(Saved data entries)
★ ★ ★
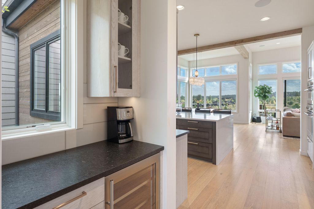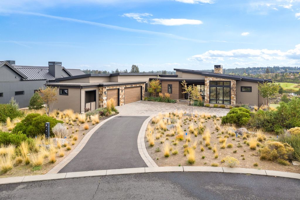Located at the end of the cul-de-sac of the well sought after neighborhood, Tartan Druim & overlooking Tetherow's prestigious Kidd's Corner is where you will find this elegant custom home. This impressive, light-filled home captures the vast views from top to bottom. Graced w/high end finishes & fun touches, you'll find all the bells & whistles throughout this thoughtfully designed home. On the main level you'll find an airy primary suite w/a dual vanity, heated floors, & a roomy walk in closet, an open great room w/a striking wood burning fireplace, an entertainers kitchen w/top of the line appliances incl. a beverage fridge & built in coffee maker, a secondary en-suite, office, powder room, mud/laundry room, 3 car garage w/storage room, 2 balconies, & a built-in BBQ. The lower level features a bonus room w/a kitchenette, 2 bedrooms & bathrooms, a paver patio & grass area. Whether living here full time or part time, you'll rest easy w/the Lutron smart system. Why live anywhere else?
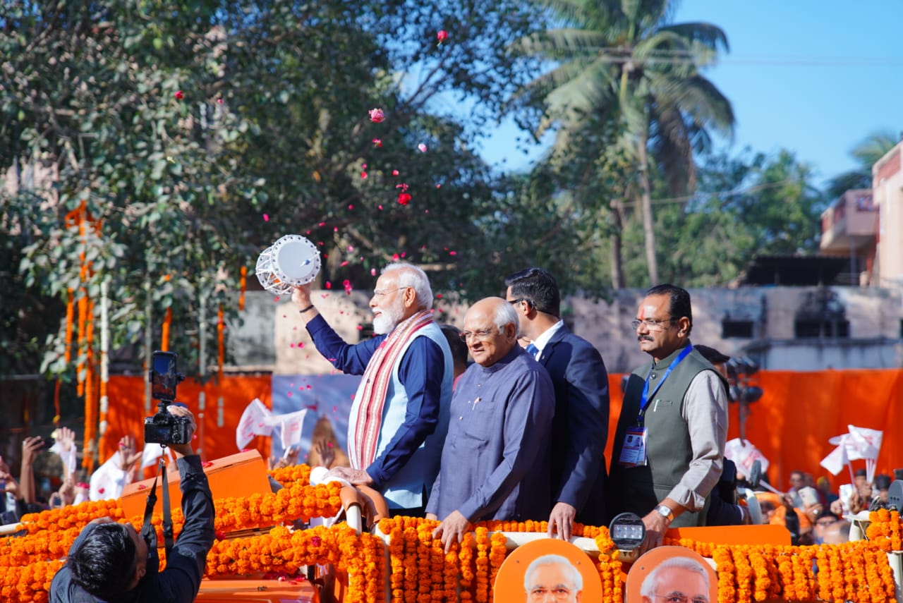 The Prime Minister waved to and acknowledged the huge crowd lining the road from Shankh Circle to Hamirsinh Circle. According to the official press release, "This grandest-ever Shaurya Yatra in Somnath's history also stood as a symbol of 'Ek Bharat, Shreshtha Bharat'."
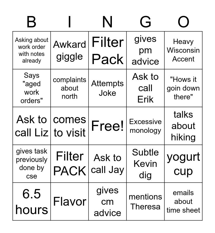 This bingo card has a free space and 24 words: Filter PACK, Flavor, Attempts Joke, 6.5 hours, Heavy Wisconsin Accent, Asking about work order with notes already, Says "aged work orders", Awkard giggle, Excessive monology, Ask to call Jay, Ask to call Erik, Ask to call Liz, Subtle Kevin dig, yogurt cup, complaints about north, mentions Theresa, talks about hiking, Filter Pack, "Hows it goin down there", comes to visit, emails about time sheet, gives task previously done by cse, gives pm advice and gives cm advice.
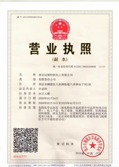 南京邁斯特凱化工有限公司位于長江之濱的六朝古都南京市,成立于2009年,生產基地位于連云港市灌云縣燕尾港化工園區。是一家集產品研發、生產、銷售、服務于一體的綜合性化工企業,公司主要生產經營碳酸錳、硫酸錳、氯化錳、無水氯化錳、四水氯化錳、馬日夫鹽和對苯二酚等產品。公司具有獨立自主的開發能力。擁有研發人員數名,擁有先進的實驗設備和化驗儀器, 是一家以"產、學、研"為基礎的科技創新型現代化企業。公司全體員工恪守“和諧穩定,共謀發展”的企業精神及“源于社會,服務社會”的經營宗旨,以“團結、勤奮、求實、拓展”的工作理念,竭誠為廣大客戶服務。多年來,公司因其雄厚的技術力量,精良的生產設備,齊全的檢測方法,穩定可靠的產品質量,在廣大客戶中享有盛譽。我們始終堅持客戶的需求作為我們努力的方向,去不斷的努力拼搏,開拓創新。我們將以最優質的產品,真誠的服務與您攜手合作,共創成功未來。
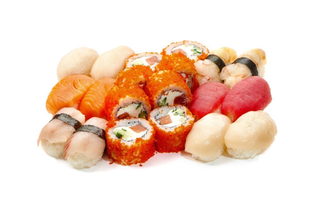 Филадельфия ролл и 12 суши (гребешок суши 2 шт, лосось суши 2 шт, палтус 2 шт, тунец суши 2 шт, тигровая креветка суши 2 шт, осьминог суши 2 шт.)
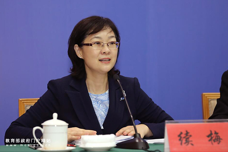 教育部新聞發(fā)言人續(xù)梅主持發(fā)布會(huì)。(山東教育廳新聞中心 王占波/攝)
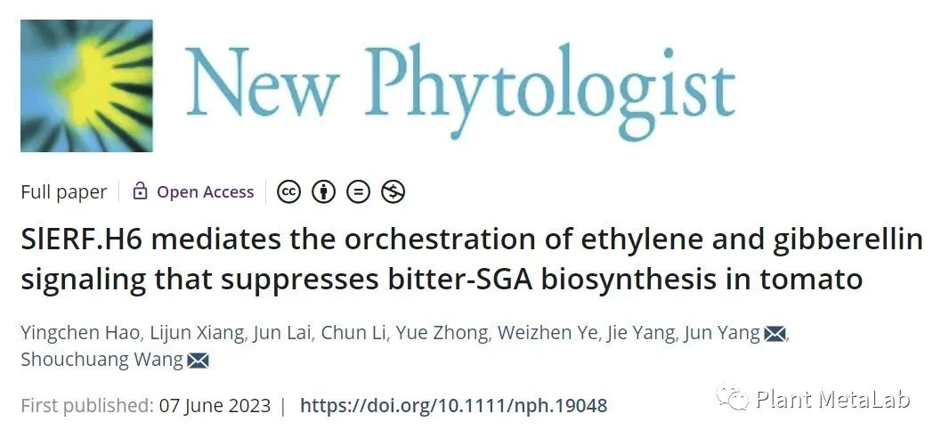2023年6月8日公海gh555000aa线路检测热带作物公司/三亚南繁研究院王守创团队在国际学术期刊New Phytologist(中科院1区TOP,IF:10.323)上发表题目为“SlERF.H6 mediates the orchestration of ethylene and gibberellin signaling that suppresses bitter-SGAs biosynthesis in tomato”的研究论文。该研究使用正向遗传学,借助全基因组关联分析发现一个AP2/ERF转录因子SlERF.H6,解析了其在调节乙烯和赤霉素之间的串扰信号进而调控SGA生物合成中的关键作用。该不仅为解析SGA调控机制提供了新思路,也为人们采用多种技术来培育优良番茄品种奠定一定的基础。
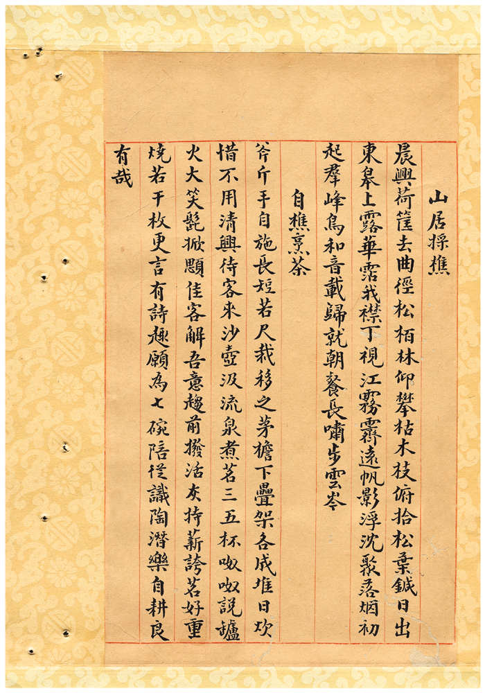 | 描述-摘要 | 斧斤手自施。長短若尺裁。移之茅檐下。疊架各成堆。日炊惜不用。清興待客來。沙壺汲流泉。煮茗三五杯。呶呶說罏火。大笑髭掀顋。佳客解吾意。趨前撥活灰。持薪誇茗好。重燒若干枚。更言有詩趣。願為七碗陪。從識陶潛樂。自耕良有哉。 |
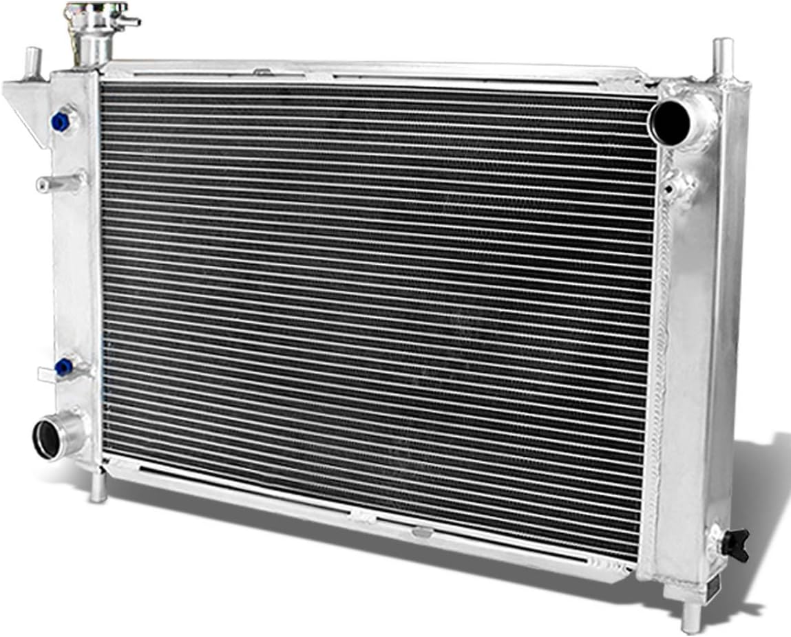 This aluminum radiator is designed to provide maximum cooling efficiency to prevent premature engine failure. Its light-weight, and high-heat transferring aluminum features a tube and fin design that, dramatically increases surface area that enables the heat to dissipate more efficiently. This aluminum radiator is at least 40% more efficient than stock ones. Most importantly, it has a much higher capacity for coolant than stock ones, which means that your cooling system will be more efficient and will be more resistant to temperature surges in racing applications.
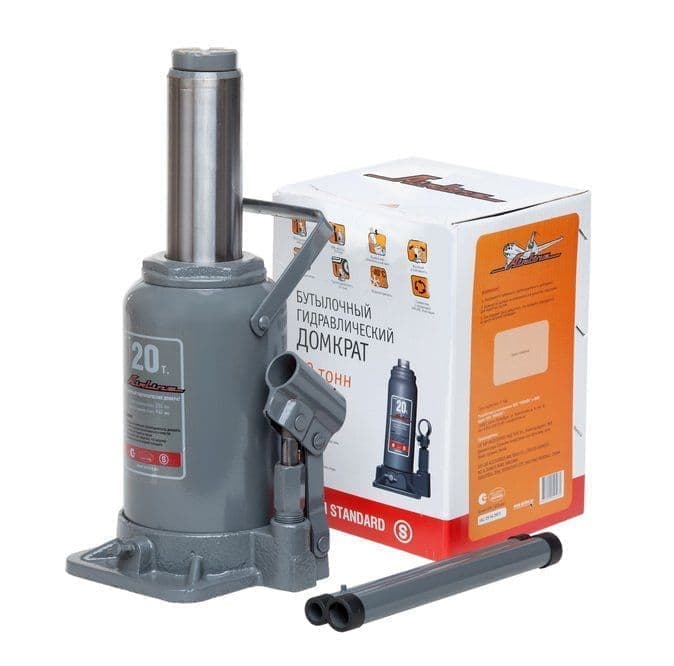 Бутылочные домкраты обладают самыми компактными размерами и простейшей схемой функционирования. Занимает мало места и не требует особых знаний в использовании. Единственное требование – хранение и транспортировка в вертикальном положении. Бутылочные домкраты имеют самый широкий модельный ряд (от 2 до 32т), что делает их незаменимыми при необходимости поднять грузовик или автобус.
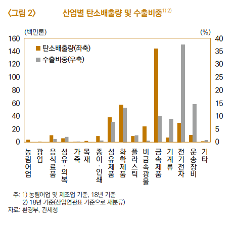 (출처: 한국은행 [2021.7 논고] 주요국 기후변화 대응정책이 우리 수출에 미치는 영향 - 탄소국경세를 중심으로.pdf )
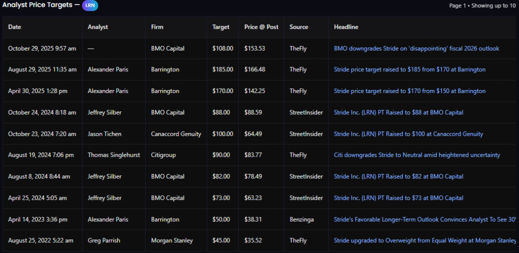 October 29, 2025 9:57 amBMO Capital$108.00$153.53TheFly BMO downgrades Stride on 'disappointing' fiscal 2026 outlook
★ ★ ★
Give back all the data exactly, minus pictures.

■ Response area
Located at the end of the cul-de-sac of the well sought after neighborhood, Tartan Druim & overlooking Tetherow's prestigious Kidd's Corner is where you will find this elegant custom home. This impressive, light-filled home captures the vast views from top to bottom. Graced w/high end finishes & fun touches, you'll find all the bells & whistles throughout this thoughtfully designed home. On the main level you'll find an airy primary suite w/a dual vanity, heated floors, & a roomy walk in closet, an open great room w/a striking wood burning fireplace, an entertainers kitchen w/top of the line appliances incl. a beverage fridge & built in coffee maker, a secondary en-suite, office, powder room, mud/laundry room, 3 car garage w/storage room, 2 balconies, & a built-in BBQ. The lower level features a bonus room w/a kitchenette, 2 bedrooms & bathrooms, a paver patio & grass area. Whether living here full time or part time, you'll rest easy w/the Lutron smart system. Why live anywhere else?
 The Prime Minister waved to and acknowledged the huge crowd lining the road from Shankh Circle to Hamirsinh Circle. According to the official press release, "This grandest-ever Shaurya Yatra in Somnath's history also stood as a symbol of 'Ek Bharat, Shreshtha Bharat'."
 This bingo card has a free space and 24 words: Filter PACK, Flavor, Attempts Joke, 6.5 hours, Heavy Wisconsin Accent, Asking about work order with notes already, Says "aged work orders", Awkard giggle, Excessive monology, Ask to call Jay, Ask to call Erik, Ask to call Liz, Subtle Kevin dig, yogurt cup, complaints about north, mentions Theresa, talks about hiking, Filter Pack, "Hows it goin down there", comes to visit, emails about time sheet, gives task previously done by cse, gives pm advice and gives cm advice.
 南京邁斯特凱化工有限公司位于長江之濱的六朝古都南京市,成立于2009年,生產基地位于連云港市灌云縣燕尾港化工園區。是一家集產品研發、生產、銷售、服務于一體的綜合性化工企業,公司主要生產經營碳酸錳、硫酸錳、氯化錳、無水氯化錳、四水氯化錳、馬日夫鹽和對苯二酚等產品。公司具有獨立自主的開發能力。擁有研發人員數名,擁有先進的實驗設備和化驗儀器, 是一家以"產、學、研"為基礎的科技創新型現代化企業。公司全體員工恪守“和諧穩定,共謀發展”的企業精神及“源于社會,服務社會”的經營宗旨,以“團結、勤奮、求實、拓展”的工作理念,竭誠為廣大客戶服務。多年來,公司因其雄厚的技術力量,精良的生產設備,齊全的檢測方法,穩定可靠的產品質量,在廣大客戶中享有盛譽。我們始終堅持客戶的需求作為我們努力的方向,去不斷的努力拼搏,開拓創新。我們將以最優質的產品,真誠的服務與您攜手合作,共創成功未來。
 Филадельфия ролл и 12 суши (гребешок суши 2 шт, лосось суши 2 шт, палтус 2 шт, тунец суши 2 шт, тигровая креветка суши 2 шт, осьминог суши 2 шт.)
 教育部新聞發(fā)言人續(xù)梅主持發(fā)布會(huì)。(山東教育廳新聞中心 王占波/攝)
2023年6月8日公海gh555000aa线路检测热带作物公司/三亚南繁研究院王守创团队在国际学术期刊New Phytologist(中科院1区TOP,IF:10.323)上发表题目为“SlERF.H6 mediates the orchestration of ethylene and gibberellin signaling that suppresses bitter-SGAs biosynthesis in tomato”的研究论文。该研究使用正向遗传学,借助全基因组关联分析发现一个AP2/ERF转录因子SlERF.H6,解析了其在调节乙烯和赤霉素之间的串扰信号进而调控SGA生物合成中的关键作用。该不仅为解析SGA调控机制提供了新思路,也为人们采用多种技术来培育优良番茄品种奠定一定的基础。
 | 描述-摘要 | 斧斤手自施。長短若尺裁。移之茅檐下。疊架各成堆。日炊惜不用。清興待客來。沙壺汲流泉。煮茗三五杯。呶呶說罏火。大笑髭掀顋。佳客解吾意。趨前撥活灰。持薪誇茗好。重燒若干枚。更言有詩趣。願為七碗陪。從識陶潛樂。自耕良有哉。 |
 This aluminum radiator is designed to provide maximum cooling efficiency to prevent premature engine failure. Its light-weight, and high-heat transferring aluminum features a tube and fin design that, dramatically increases surface area that enables the heat to dissipate more efficiently. This aluminum radiator is at least 40% more efficient than stock ones. Most importantly, it has a much higher capacity for coolant than stock ones, which means that your cooling system will be more efficient and will be more resistant to temperature surges in racing applications.
 Бутылочные домкраты обладают самыми компактными размерами и простейшей схемой функционирования. Занимает мало места и не требует особых знаний в использовании. Единственное требование – хранение и транспортировка в вертикальном положении. Бутылочные домкраты имеют самый широкий модельный ряд (от 2 до 32т), что делает их незаменимыми при необходимости поднять грузовик или автобус.
 (출처: 한국은행 [2021.7 논고] 주요국 기후변화 대응정책이 우리 수출에 미치는 영향 - 탄소국경세를 중심으로.pdf )
 October 29, 2025 9:57 amBMO Capital$108.00$153.53TheFly BMO downgrades Stride on 'disappointing' fiscal 2026 outlook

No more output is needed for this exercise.